### WORK INSTRUCTION
Your copy should repeat each record below exactly and contain no images.

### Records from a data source
* * * * * * * * *

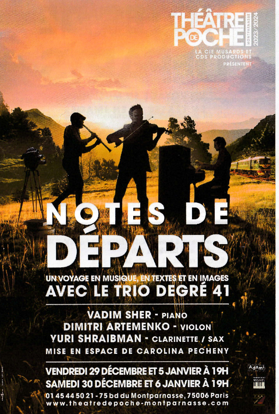 Critique : Trois musiciens surgissent des coulisses et prennent le temps d’installer leur matériel : instruments, partitions, livres. Ici, tout se passe en famille. Dans cette toute petite salle du Poche Montparnasse, le public est proche des artistes. Dimitri et Vadim sont natifs d’’Estonie, Yuri d’Ukraine. Tous trois composent le trio Degré 41 dont le nom fait référence au groupe poétique avant-gardiste fondé par les exilés russes à Tbilissi en 1918. Pour leur premier spectacle, ils choisissent tout naturellement de nous parler de départs, sous toutes leurs formes. D’abord et surtout de l’exil vécu par leurs familles respectives, les doutes et les désillusions qui l’entourent puis vient le mariage qui représente un nouveau départ dans la joie ou l’émotion, la raison ou la folie ; et enfin l’envol définitif vers l’au-delà, celui qui, à l’instar d’Olga dans Les Trois sœurs de Tchekhov interroge sur le sens de l’existence.
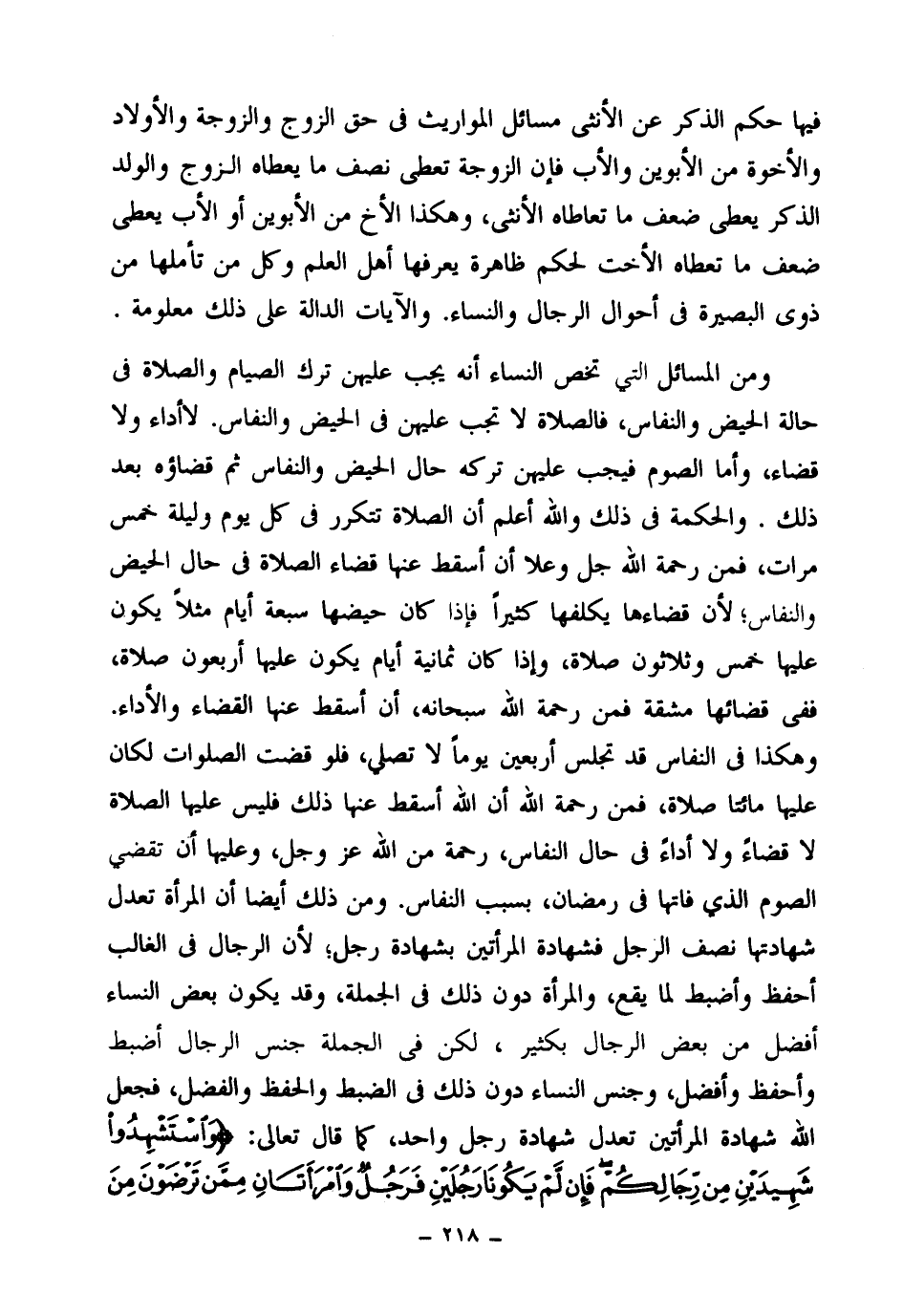 ومن ذلك أيضا أن المرأة تعدل شهادتها نصف الرجل فشهادة المرأتين بشهادة رجل؛ لأن الرجال في الغالب أحفظ وأضبط لما يقع، والمرأة دون ذلك في الجملة، وقد يكون بعض النساء أفضل من بعض الرجال بكثير، لكن في الجملة جنس الرجال أضبط وأحفظ وأفضل، وجنس النساء دون ذلك في الضبط والحفظ والفضل، فجعل الله شهادة المرأتين تعدل شهادة رجل واحد، كما قال تعالى:
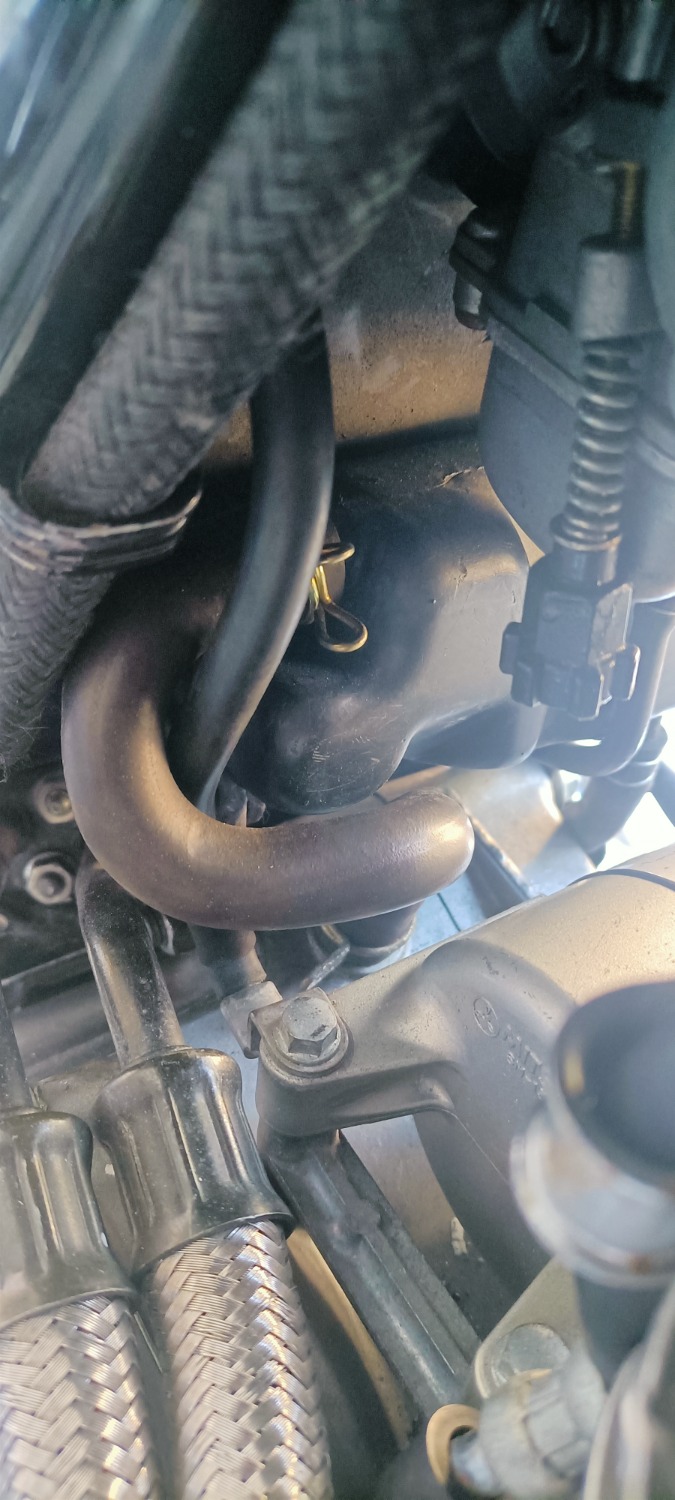 Die Entlüftung an dem Motorrad ist angestöpselt an die Kurbelgehäuse Entlüftung dann folgt ein T-Stück.
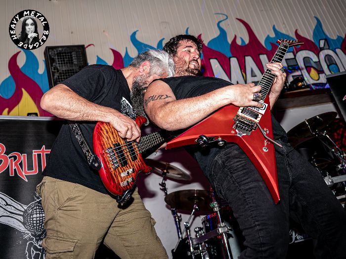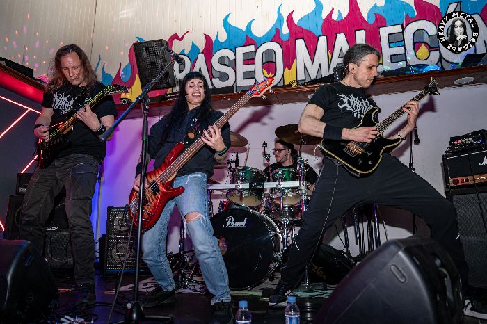 Punto focal del combo lucense es sin duda la menuda figura de su vocalista y bajo Alicia, contraposición a su fuerza y agresividad en las tablas, navegando como pez en el agua cuando la banda recorre en su set efluvios del black melódico sueco y pasajes potentes y agresivos rozando el death metal más extremo. Perfectamente respaldada por el trabajo a las guitarras del mentado anteriormente ÓscarBesteiro y Arnt Bünz, al igual que Brutalfly contaron con la colaboración en un tema de Txeffy, aportando su garganta de nuevo desde la mesa de sonido.
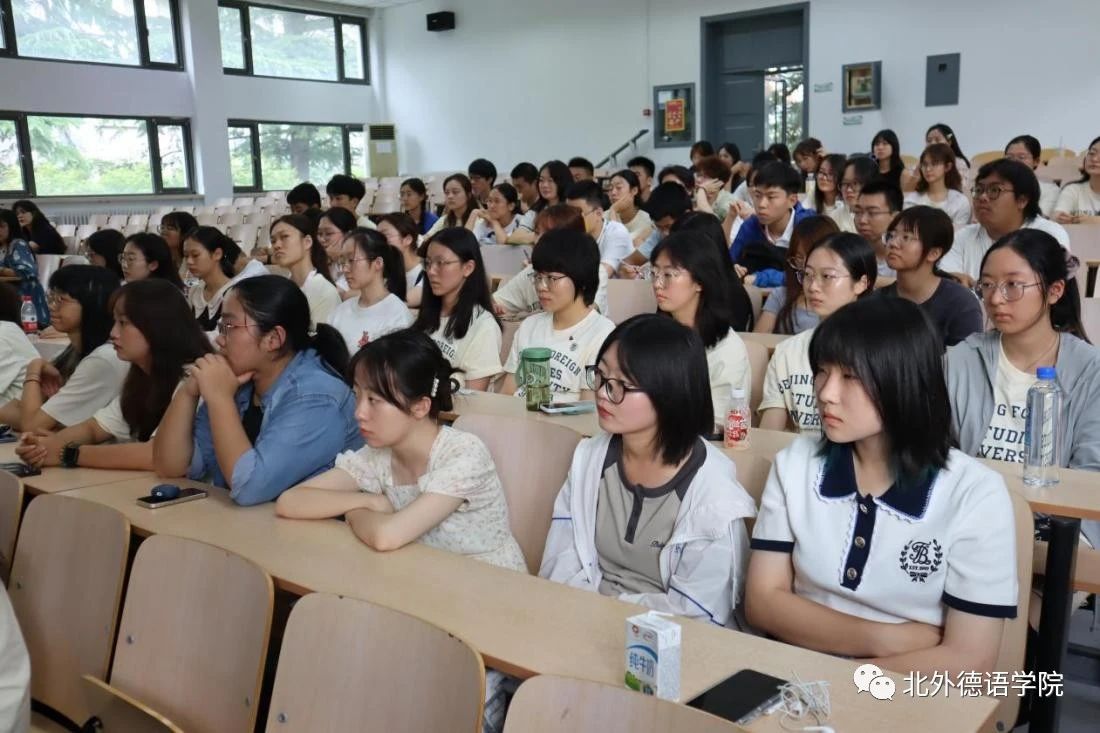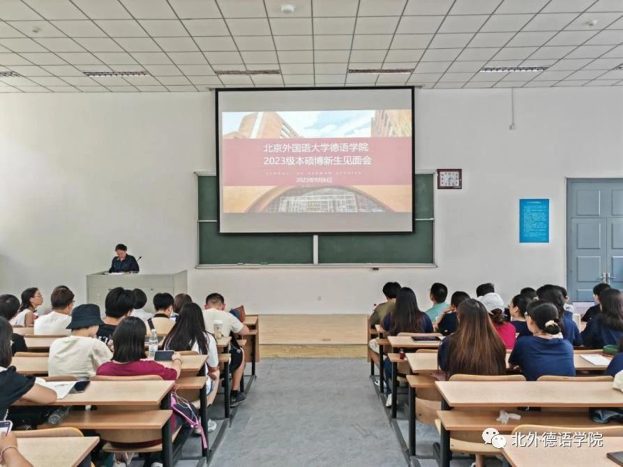 之后,公司党总支以及党政联席会成员先后发言。党总支成员、教学秘书于芳鼓励新生树立新的目标,努力实现梦想;党总支委员、副经理张晓玲、寇蔻勉励新生积极参与公司丰富多彩的各项活动,通过学习德语遇到更好的自己,认识更大的世界,用德语成就梦想,用梦想创造未来!党总支常务副书记李勇引用抗大校训“团结、紧张、严肃、活泼”,希望新生在大学宿舍生活中养成包容差异的生活习惯,搞好团结;在公司和公司的各种集体活动中,在各项校内外竞赛中,团结一致,共创佳绩。保持德语人严谨、认真和细致的好传统作风,勇创新、善突破。保持持之以恒、坚持阅读等良好的微习惯,遇见最好的自己。党总支书记、经理吴江借用汉字“熵”的由来以及管理学提出的实现熵减的三个路径,结合北外w88win体育官网入口的发展史,勉励2023级本硕博新生保持开放的心态,学会与不同的学科和方向实现“能量交换”,敢于尝试创新远离稳态,秉持“兼容并蓄 博学笃行”的北外校训,开启在北外的晨读和暮思!
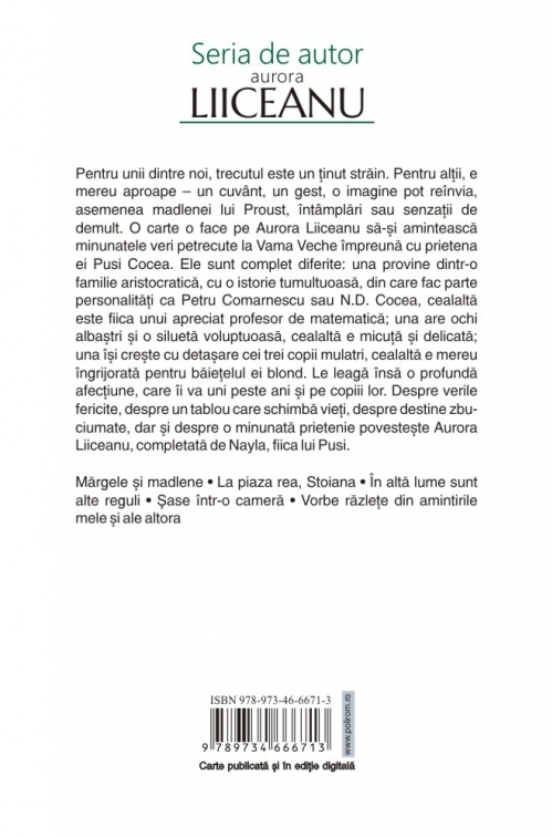 Pentru unii dintre noi, trecutul este un ţinut străin. Pentru alţii, e mereu aproape – un cuvînt, un gest, o imagine pot reînvia, asemenea madlenei lui Proust, întîmplări sau senzaţii de demult. O carte o face pe Aurora Liiceanu să-şi amintească minunatele veri petrecute la Vama Veche împreună cu prietena ei Pusi Cocea. Ele sînt complet diferite: una provine dintr-o familie aristocratică, cu o istorie tumultuoasă, din care fac parte personalităţi ca Petru Comarnescu sau N.D. Cocea, cealaltă este fiica unui apreciat profesor de matematică; una are ochi albaştri şi o siluetă voluptuoasă, cealaltă e micuţă şi delicată; una îşi creşte cu detaşare cei trei copii mulatri, cealaltă e mereu îngrijorată pentru băieţelul ei blond. Le leagă însă o profundă afecţiune, care îi va uni peste ani şi pe copiii lor. Despre verile fericite, despre un tablou care schimbă vieţi, despre destine zbuciumate, dar şi despre o minunată prietenie povesteşte Aurora Liiceanu, completată de Nayla, fiica lui Pusi.
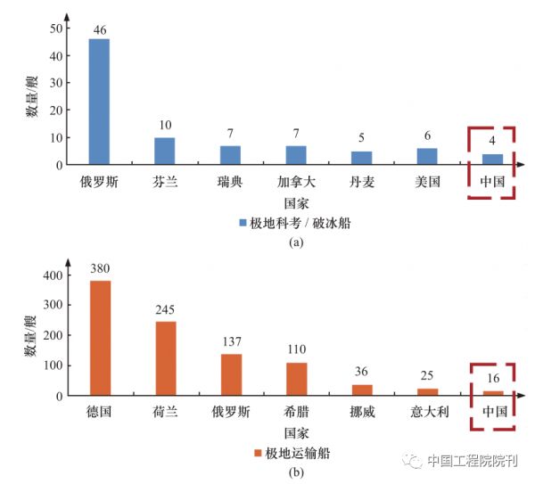 图2 主要国家的极地科考/破冰船与极地运输船数量情况(截至2017年)
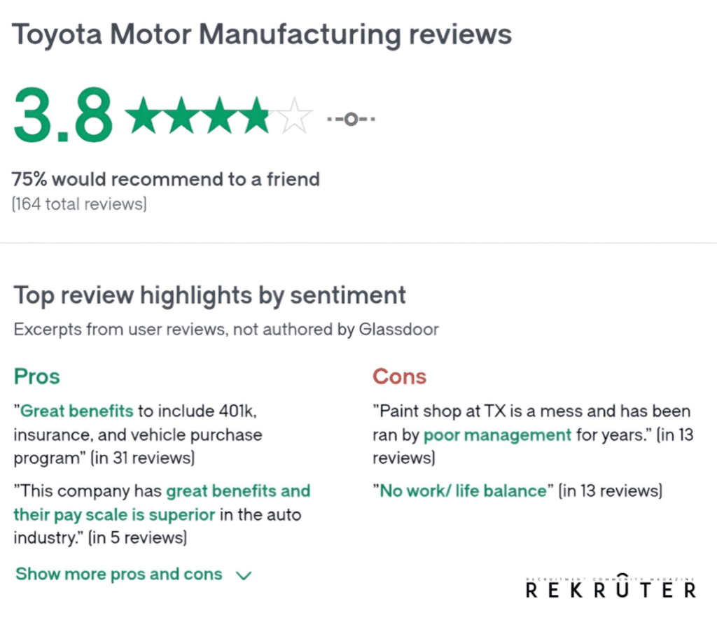 Toyota Motors Manufacturing Review. Source: Glassdoor

* * * * * * * * *

### RESPONSE TO THE TASK
 Critique : Trois musiciens surgissent des coulisses et prennent le temps d’installer leur matériel : instruments, partitions, livres. Ici, tout se passe en famille. Dans cette toute petite salle du Poche Montparnasse, le public est proche des artistes. Dimitri et Vadim sont natifs d’’Estonie, Yuri d’Ukraine. Tous trois composent le trio Degré 41 dont le nom fait référence au groupe poétique avant-gardiste fondé par les exilés russes à Tbilissi en 1918. Pour leur premier spectacle, ils choisissent tout naturellement de nous parler de départs, sous toutes leurs formes. D’abord et surtout de l’exil vécu par leurs familles respectives, les doutes et les désillusions qui l’entourent puis vient le mariage qui représente un nouveau départ dans la joie ou l’émotion, la raison ou la folie ; et enfin l’envol définitif vers l’au-delà, celui qui, à l’instar d’Olga dans Les Trois sœurs de Tchekhov interroge sur le sens de l’existence.
 ومن ذلك أيضا أن المرأة تعدل شهادتها نصف الرجل فشهادة المرأتين بشهادة رجل؛ لأن الرجال في الغالب أحفظ وأضبط لما يقع، والمرأة دون ذلك في الجملة، وقد يكون بعض النساء أفضل من بعض الرجال بكثير، لكن في الجملة جنس الرجال أضبط وأحفظ وأفضل، وجنس النساء دون ذلك في الضبط والحفظ والفضل، فجعل الله شهادة المرأتين تعدل شهادة رجل واحد، كما قال تعالى:
 Die Entlüftung an dem Motorrad ist angestöpselt an die Kurbelgehäuse Entlüftung dann folgt ein T-Stück.
 Punto focal del combo lucense es sin duda la menuda figura de su vocalista y bajo Alicia, contraposición a su fuerza y agresividad en las tablas, navegando como pez en el agua cuando la banda recorre en su set efluvios del black melódico sueco y pasajes potentes y agresivos rozando el death metal más extremo. Perfectamente respaldada por el trabajo a las guitarras del mentado anteriormente ÓscarBesteiro y Arnt Bünz, al igual que Brutalfly contaron con la colaboración en un tema de Txeffy, aportando su garganta de nuevo desde la mesa de sonido.
 之后,公司党总支以及党政联席会成员先后发言。党总支成员、教学秘书于芳鼓励新生树立新的目标,努力实现梦想;党总支委员、副经理张晓玲、寇蔻勉励新生积极参与公司丰富多彩的各项活动,通过学习德语遇到更好的自己,认识更大的世界,用德语成就梦想,用梦想创造未来!党总支常务副书记李勇引用抗大校训“团结、紧张、严肃、活泼”,希望新生在大学宿舍生活中养成包容差异的生活习惯,搞好团结;在公司和公司的各种集体活动中,在各项校内外竞赛中,团结一致,共创佳绩。保持德语人严谨、认真和细致的好传统作风,勇创新、善突破。保持持之以恒、坚持阅读等良好的微习惯,遇见最好的自己。党总支书记、经理吴江借用汉字“熵”的由来以及管理学提出的实现熵减的三个路径,结合北外w88win体育官网入口的发展史,勉励2023级本硕博新生保持开放的心态,学会与不同的学科和方向实现“能量交换”,敢于尝试创新远离稳态,秉持“兼容并蓄 博学笃行”的北外校训,开启在北外的晨读和暮思!
 Pentru unii dintre noi, trecutul este un ţinut străin. Pentru alţii, e mereu aproape – un cuvînt, un gest, o imagine pot reînvia, asemenea madlenei lui Proust, întîmplări sau senzaţii de demult. O carte o face pe Aurora Liiceanu să-şi amintească minunatele veri petrecute la Vama Veche împreună cu prietena ei Pusi Cocea. Ele sînt complet diferite: una provine dintr-o familie aristocratică, cu o istorie tumultuoasă, din care fac parte personalităţi ca Petru Comarnescu sau N.D. Cocea, cealaltă este fiica unui apreciat profesor de matematică; una are ochi albaştri şi o siluetă voluptuoasă, cealaltă e micuţă şi delicată; una îşi creşte cu detaşare cei trei copii mulatri, cealaltă e mereu îngrijorată pentru băieţelul ei blond. Le leagă însă o profundă afecţiune, care îi va uni peste ani şi pe copiii lor. Despre verile fericite, despre un tablou care schimbă vieţi, despre destine zbuciumate, dar şi despre o minunată prietenie povesteşte Aurora Liiceanu, completată de Nayla, fiica lui Pusi.
 图2 主要国家的极地科考/破冰船与极地运输船数量情况(截至2017年)
 Toyota Motors Manufacturing Review. Source: Glassdoor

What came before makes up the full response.